In medicine and finance the risk and punishment are higher for unconventional failure than conventional failure, even if you are sure ahead of time you face conventional failure or mediocrity in your endeavor.
Mavericks just become targets and their failures are judged more harshly than an equivalent level of failure by someone more conventional
stagnation of the hivemind, they will die without the addition of new elements which allow them to cope with newly discovered threats.
Look you have bid markets supported by monetary cartels. everyone knows this, very, very hard markets to make money in, because 1. you can't hedge, 2. you need to levarge up on low liquidity meltups.
But, the doomsday trade is very near, because we have the early signs of sovereign liquidity crisis and even if the print oil/commodities prices will suck up incomes, profits, savings, cause riots/turmoil etc
Greece is the lead in to the EZ meltdown, market is overprcing yes vote
The greeks will vote no, otherwise Athens will burn
Consider that inside information: Creeks already voted "YES",
watch for confirmation tomorrow morning
And then we'll probably see some "Sell on the News" reaction.
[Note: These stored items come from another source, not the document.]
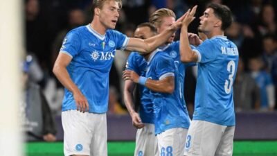 O Napoli contou com uma dobradinha mortal para conquistar sua primeira vitória na fase de liga da Champions. Nesta quarta-feira (1º/10), a equipe italiana recebeu o Sporting, no estádio Diego Armando Maradona, e venceu por 2 a 1. Højlund marcou os dois gols, com duas assistências de Kevin de Bruyne. Luis Suárez descontou para os portugueses.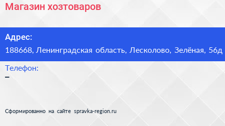 Магазин хозтоваров по адресу 188668, Ленинградская область, Лесколово, Зелёная, 56д в дальнейшем Организация, размещена в следующих категориях: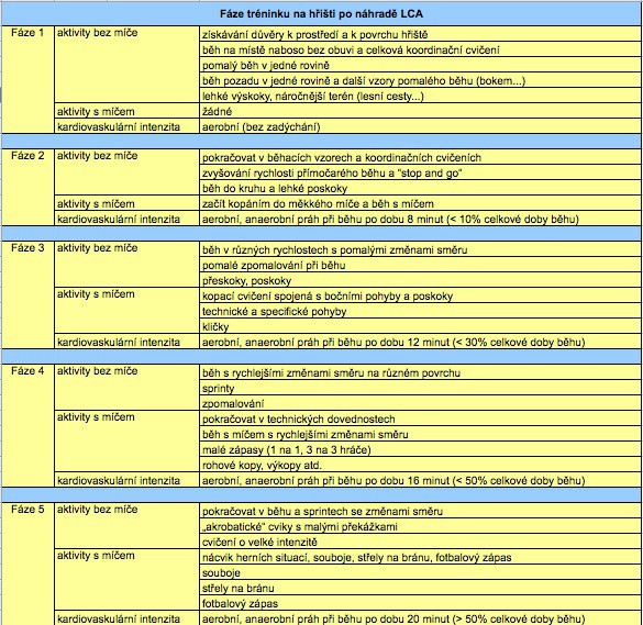 Kolenní kloub představuje největší a zároveň nejsložitější kloub v lidském těle, tudíž i nejčastěji poraněný. K poranění předního zkříženého vazu (ligamentum cruciatum anterius – zkr. LCA) dochází zejména u sportující populace ve věku 15-25 let. Pro návrat ke sportovním aktivitám, které vyžadují torzní pohyby či doskoky, musí sportovci s přetrženým vazem často podstoupit rekonstrukční zákrok. I přesto, že chirurgický zákrok je velmi důležitý, rehabilitace hraje plnohodnotnou roli v obnově plné funkce kolenního kloubu bez ohledu na to, jaký štěp a jaká technika byly při operaci použity. Hlavním cílem léčby sportovních poranění je navrátit funkci rekonstruovaného vazu pro sportovně specifické pohyby. Lékařská péče je obvykle během prvních měsíců po operaci vysoká, postupně se snižuje, když se pacient/fotbalista vrací na hřiště. Dále je většinou ponechán již v péči trenéra, který je spíše připraven na trénink zdravých jedinců než na sportovce v rekonvalescenci po operaci. Zacházení s konečnou fází rehabilitace tímto způsobem může způsobit určité problémy a komplikace, recidivy nebo neúplné nervosvalové zotavení.

"Taking profits just in case"..
So you are realize that Greek population
are less than New York City or Moscow City
in that matter. Can few unemployed punks affect world wide
economy? Be my guest and speculate..
if i remember correctly arch duke ferdinand was taken out by a few unemployed punks.. so yes, they could be the catalyst which brings down the current order.
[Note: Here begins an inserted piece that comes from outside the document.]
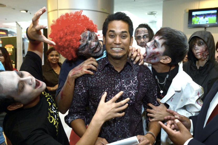 Khairy Jamaluddin disergah zombi ketika melawat tapak pameran Zombie Run sempena majlis pra pelancaran FEP 2014 di lobi Kementerian Belia dan Sukan, Khamis.

Greece is just the tumor. It does in fact get much worse. Remember that it is the combination of Fiat and Politicos.
Strawberry fields forever?
Yeah, sorta like that.
How is it that somebody is a "leech" if he buys from somebody else selling? Because his/her time horizon is shorter than the smatest-guy-in-the-room?
Sounds to me like he lost money on a trade. Boo-fricking-hoo.
I'm not even close to being a 'finance guy', hell, I only understand the world and markets better than 99% of non Zh'ers, which unfortunately isn't saying much. What I am gifted with is an ability to sniff bullshit from five miles away. I never really understood that this ability was a gift or unusual. I always ASSumed that everybody else did the same thing.
I loved this guy's post. I believe that it is brilliant (if not a bit late). Marla was far more perceptive in that she screamed it from the rooftop long ago.
Maybe I'm misreading this but the takeaway from this guy's post for me is that acknowledgment of the FACT that we no longer have free markets/that we truly have been corralled into a central planning farce is further settling into the 'hive'?
This fact is bigger than most realize (I suspect). What it really means is that you have now lost the last bit of your dignity and Liberty. You are no longer free.
Does that matter to the statistically average 'citizen'? No, because they have not been free for a very long time. But now it becomes 'mainstream' that even the ZH crowd is being squeezed out. Without the ability to make rational trade decisions then WTF do you do?
Counter trend doesn't seem to work especially well these day's, heading away from the herd makes me feel like a fool when I consider all the money I could have made but have not.
I'm still covering shorts on the EUR/USD from 400 pips ago. Remember, I admitted I'm not a finance/market player. I have been trying to learn however and sincerely this manipulated bullshit is a suckass and disheartening way to become educated. What I'm learning so far is that the elite really do run the world and that they are as competent as were all the previous failures.
In other words...Failures. These asshats in charge behind the scenes today are just the same asshats at a different time.
Is making us feel like throwing in the towel part of the strategy? I'm thinking yes, it must be.
They could not possibly think that we might suddenly, enmass, rally around their transparently corrupt crap , could they?
Anyway. Thank you Tylers for another great read.